(Collection entries)
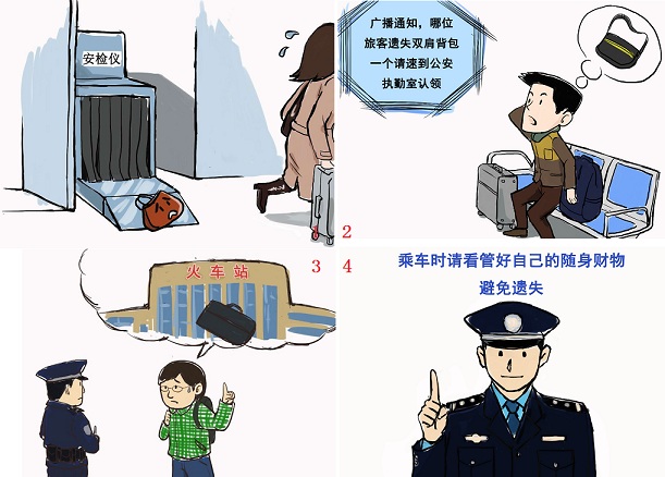针对旅客丢包的情况,呼和浩特铁路公安处民警颜屹成画出一组漫画温馨提醒广大乘车旅客:请提前出发,预留充足的够票进站时间,无论您在购票、取票,还是进站过安检,或是在候车室等车,请保管好自己的行李物品,尽量减少携带行李的件数,每次人物分离后都要检查行李件数再出发,以免将行李遗落造成不必要的麻烦或损失。当您发现自己的行李物品丢失后,请立即到车站公安执勤室或拨打报警电话报警。
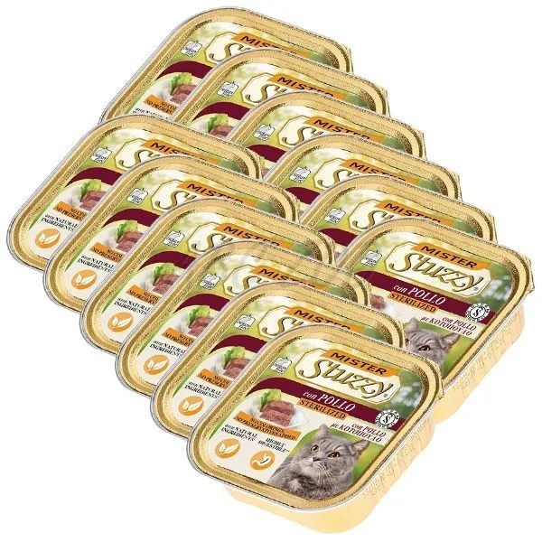 Krmivo pre sterilizované mačky vo forme vaničky s kuracím mäsom.
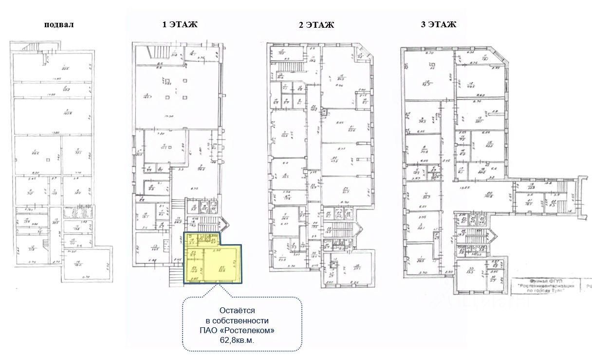 Подвал 567,8 кв.м., кадастровый номер 71:30:050202:1493 1 этаж 330,2 кв.м., кадастровый номер 71:30:050202:2023 2 этаж 33,3 кв.м., кадастровый номер 71:30:050202:1491 3 этаж 749,7 кв.м., кадастровый номер 71:30:050202:1499 4 этаж 754,7 кв.м., кадастровый номер 71:30:050202:1497 5 этаж 508,9 кв.м., кадастровый номер 71:30:050202:1496 6 этаж 393,5 кв.м., кадастровый номер 71:30:050202:1498 7 этаж 296,6 кв.м.
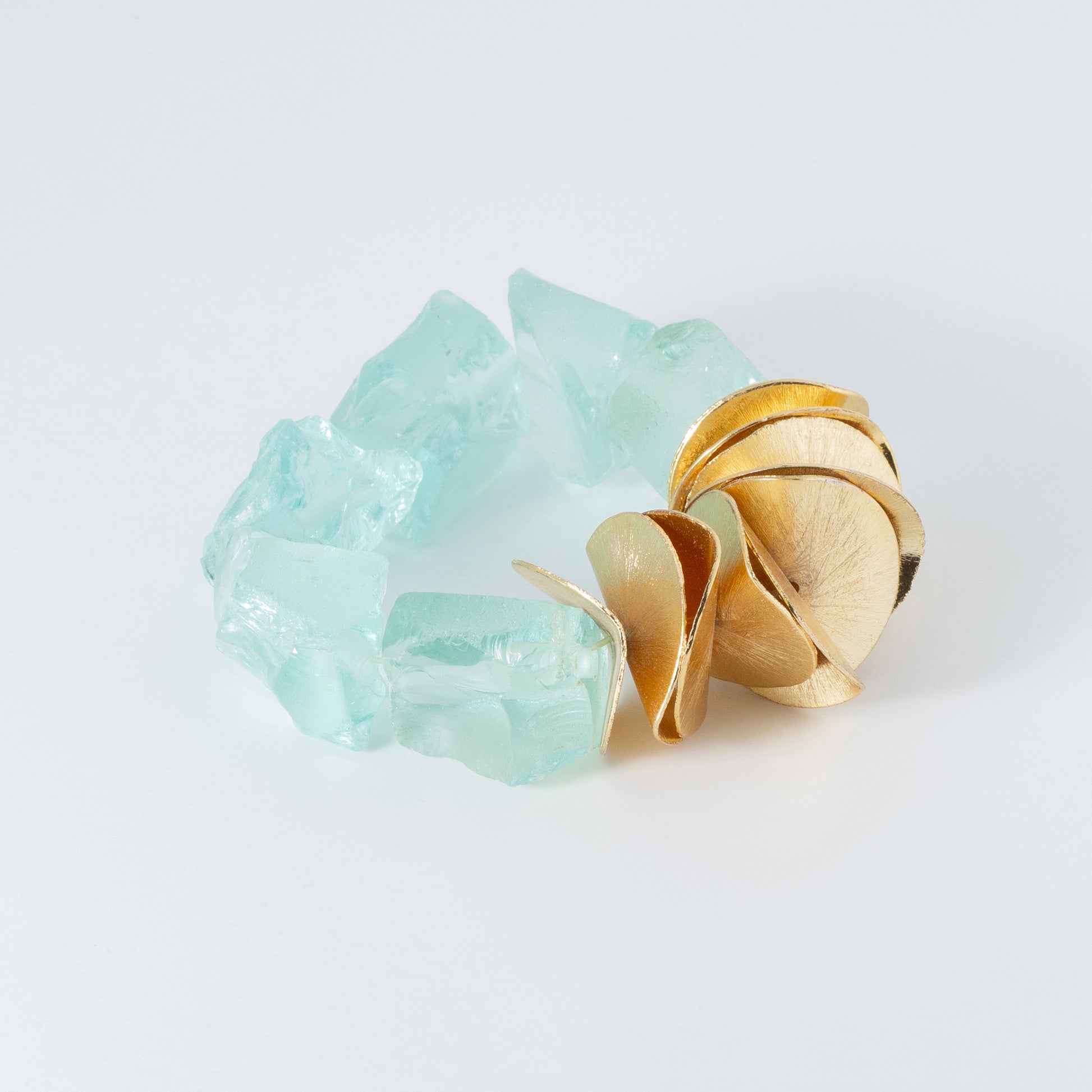 Our Cote d'Ivorie Collection is enviably chic, and impeccably luxurious. These beautiful raw-cut aquamarine stones and bold, gold discs create a statement piece with endless possibilities. From a chic resort look to an elegant evening dinner, let your wild imagination of individual style echo! Create a dramatic combo when paired with the Gold Horn Bracelet!
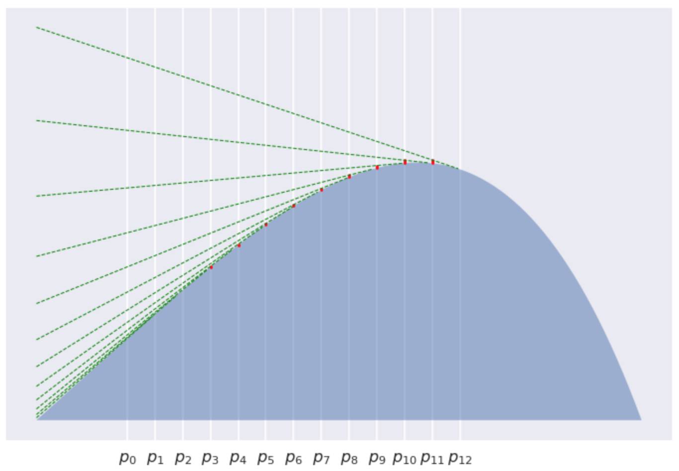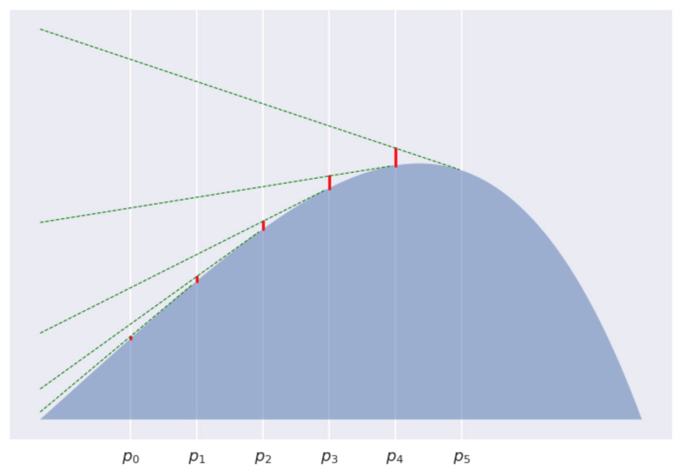 严格的说, 正是由于这个山丘是个凸函数, 所以 Quentin 并不能直接看到 Poppy, 除非她会跳! Bregman散度描述的就是 Quentin 跳起来后, Poppy 也不会看到她的最大安全距离。可见山丘越陡, 即曲率越大, Poppy 跳起来看不到 Quentin 的距离范围也就越大。
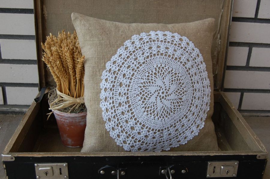 Lniana poszewka "Prowansalski szyk" - baza poduszki to naturalny len, ozdobiona na przodzie koronkową serwetką wykonaną na szydełku. Tył poduszki gładki, zapinana na dole na zamek błyskawiczny. Cała poduszka utrzymana w prowansalskim stylu.
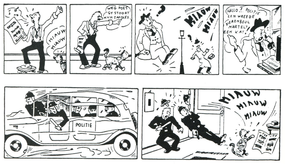 Vandersteen's earliest comic, 'Pinneken en Dik' (1939), never saw publication, so he was off to a bad start. World War II changed his opportunities. As the Nazi oppressor banned all import of U.S. and British comics in occupied Belgium, there was suddenly a higher demand for locally produced material. Willy Vandersteen made his professional debut with the comic feature 'Kitty Inno' (1940-1942) in Entre Nous, the monthly staff magazine of the Innovation stores. This gag comic about a young woman mostly told jokes related to the store and war-time reality of buying products with food stamps. When Vandersteen left his job at Innovation in 1942, 'Kitty Inno' was continued by other, anonymous, artists until 1945. On 19 March 1941, his first newspaper comic appeared in De Dag, 'Tor, De Holbewoner' (1941-1942). It also ran in French as 'Herculin' in the Brussels weekly Mon Copain. Between 11 June and 3 September 1941, these pantomime gags about a bearded caveman were temporarily moved to De Dag's children's supplement Wonderland, before being interrupted for a month. De Dag then brought back the series on 8 October until the final episode appeared on 28 January 1942. When asked to replace Wonderland's run of the American comic 'Cicero's Cat' by Bud Fisher (under the title 'Barabas', Vandersteen created 'De Lollige Avonturen van Pudifar' (26 March-21 May 1941). A couple of weeks later, Vandersteen also created a spin-off about Pudifar's son, 'Barabitje'. During this period he signed all his comics with "Wil".
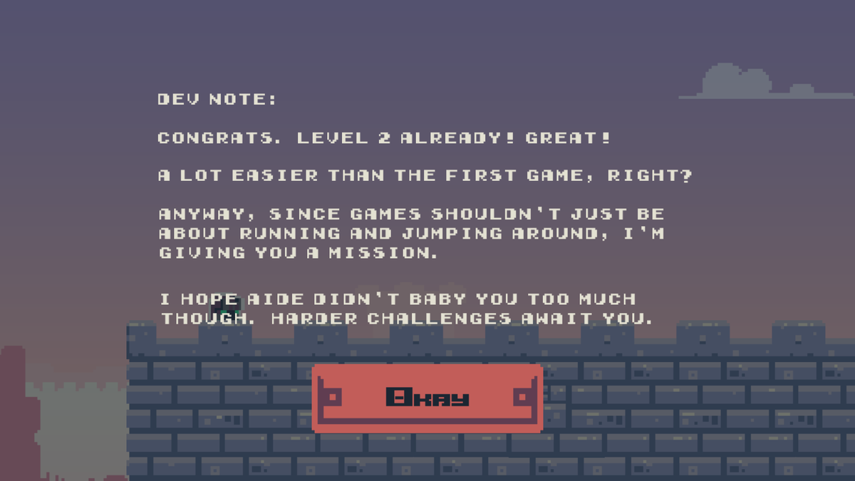 Дословный перевод: <<Поздравляю. Ты на втором уровне! Круто! Легче чем в первой части, неправдали? Не важно, эта игра не просто платформер. И сейчас, я дума тебе задание Я надеюсь А.И.Д не будет себя вести как ребенок. Сложный испытания тебя ждут>> <<Тебе нужно найти вот эту принцессу. Ее зовут Майлэс. Она была захвачена злым объектом, по имени Янна.>> А.И.Д желает нам удачи и говорит что будет с нами. Ну что ж, полетели. Пока что выглядит всё жутковато, но мне нравится как 2д платформер комбинируется с аниме. Жутковатый уровень. Какие-то монстрики которые попались на шипы. Основная проблема которая пошла и сложность уровня, это длинные прыжки через всю карту ;( Далее надо было вновь изощренно прыгать, для увиливания от монеток Но, в целом это все проходится в 3-4 ретрая, хоть и конечно не просто Разраб: Я планировал создать эту игру еще в 1999 году. Я так рад, что наконец смог это сделать Я искренне за тебя рад, игра вышла крутой и с хорошей атмосферой. А так, мы уже прошли всю сложну

What you should do
Give every entry back unchanged, with no pictures.

Answer to the exercise
针对旅客丢包的情况,呼和浩特铁路公安处民警颜屹成画出一组漫画温馨提醒广大乘车旅客:请提前出发,预留充足的够票进站时间,无论您在购票、取票,还是进站过安检,或是在候车室等车,请保管好自己的行李物品,尽量减少携带行李的件数,每次人物分离后都要检查行李件数再出发,以免将行李遗落造成不必要的麻烦或损失。当您发现自己的行李物品丢失后,请立即到车站公安执勤室或拨打报警电话报警。
 Krmivo pre sterilizované mačky vo forme vaničky s kuracím mäsom.
 Подвал 567,8 кв.м., кадастровый номер 71:30:050202:1493 1 этаж 330,2 кв.м., кадастровый номер 71:30:050202:2023 2 этаж 33,3 кв.м., кадастровый номер 71:30:050202:1491 3 этаж 749,7 кв.м., кадастровый номер 71:30:050202:1499 4 этаж 754,7 кв.м., кадастровый номер 71:30:050202:1497 5 этаж 508,9 кв.м., кадастровый номер 71:30:050202:1496 6 этаж 393,5 кв.м., кадастровый номер 71:30:050202:1498 7 этаж 296,6 кв.м.
 Our Cote d'Ivorie Collection is enviably chic, and impeccably luxurious. These beautiful raw-cut aquamarine stones and bold, gold discs create a statement piece with endless possibilities. From a chic resort look to an elegant evening dinner, let your wild imagination of individual style echo! Create a dramatic combo when paired with the Gold Horn Bracelet!
 严格的说, 正是由于这个山丘是个凸函数, 所以 Quentin 并不能直接看到 Poppy, 除非她会跳! Bregman散度描述的就是 Quentin 跳起来后, Poppy 也不会看到她的最大安全距离。可见山丘越陡, 即曲率越大, Poppy 跳起来看不到 Quentin 的距离范围也就越大。
 Lniana poszewka "Prowansalski szyk" - baza poduszki to naturalny len, ozdobiona na przodzie koronkową serwetką wykonaną na szydełku. Tył poduszki gładki, zapinana na dole na zamek błyskawiczny. Cała poduszka utrzymana w prowansalskim stylu.
 Vandersteen's earliest comic, 'Pinneken en Dik' (1939), never saw publication, so he was off to a bad start. World War II changed his opportunities. As the Nazi oppressor banned all import of U.S. and British comics in occupied Belgium, there was suddenly a higher demand for locally produced material. Willy Vandersteen made his professional debut with the comic feature 'Kitty Inno' (1940-1942) in Entre Nous, the monthly staff magazine of the Innovation stores. This gag comic about a young woman mostly told jokes related to the store and war-time reality of buying products with food stamps. When Vandersteen left his job at Innovation in 1942, 'Kitty Inno' was continued by other, anonymous, artists until 1945. On 19 March 1941, his first newspaper comic appeared in De Dag, 'Tor, De Holbewoner' (1941-1942). It also ran in French as 'Herculin' in the Brussels weekly Mon Copain. Between 11 June and 3 September 1941, these pantomime gags about a bearded caveman were temporarily moved to De Dag's children's supplement Wonderland, before being interrupted for a month. De Dag then brought back the series on 8 October until the final episode appeared on 28 January 1942. When asked to replace Wonderland's run of the American comic 'Cicero's Cat' by Bud Fisher (under the title 'Barabas', Vandersteen created 'De Lollige Avonturen van Pudifar' (26 March-21 May 1941). A couple of weeks later, Vandersteen also created a spin-off about Pudifar's son, 'Barabitje'. During this period he signed all his comics with "Wil".
 Дословный перевод: <<Поздравляю. Ты на втором уровне! Круто! Легче чем в первой части, неправдали? Не важно, эта игра не просто платформер. И сейчас, я дума тебе задание Я надеюсь А.И.Д не будет себя вести как ребенок. Сложный испытания тебя ждут>> <<Тебе нужно найти вот эту принцессу. Ее зовут Майлэс. Она была захвачена злым объектом, по имени Янна.>> А.И.Д желает нам удачи и говорит что будет с нами. Ну что ж, полетели. Пока что выглядит всё жутковато, но мне нравится как 2д платформер комбинируется с аниме. Жутковатый уровень. Какие-то монстрики которые попались на шипы. Основная проблема которая пошла и сложность уровня, это длинные прыжки через всю карту ;( Далее надо было вновь изощренно прыгать, для увиливания от монеток Но, в целом это все проходится в 3-4 ретрая, хоть и конечно не просто Разраб: Я планировал создать эту игру еще в 1999 году. Я так рад, что наконец смог это сделать Я искренне за тебя рад, игра вышла крутой и с хорошей атмосферой. А так, мы уже прошли всю сложну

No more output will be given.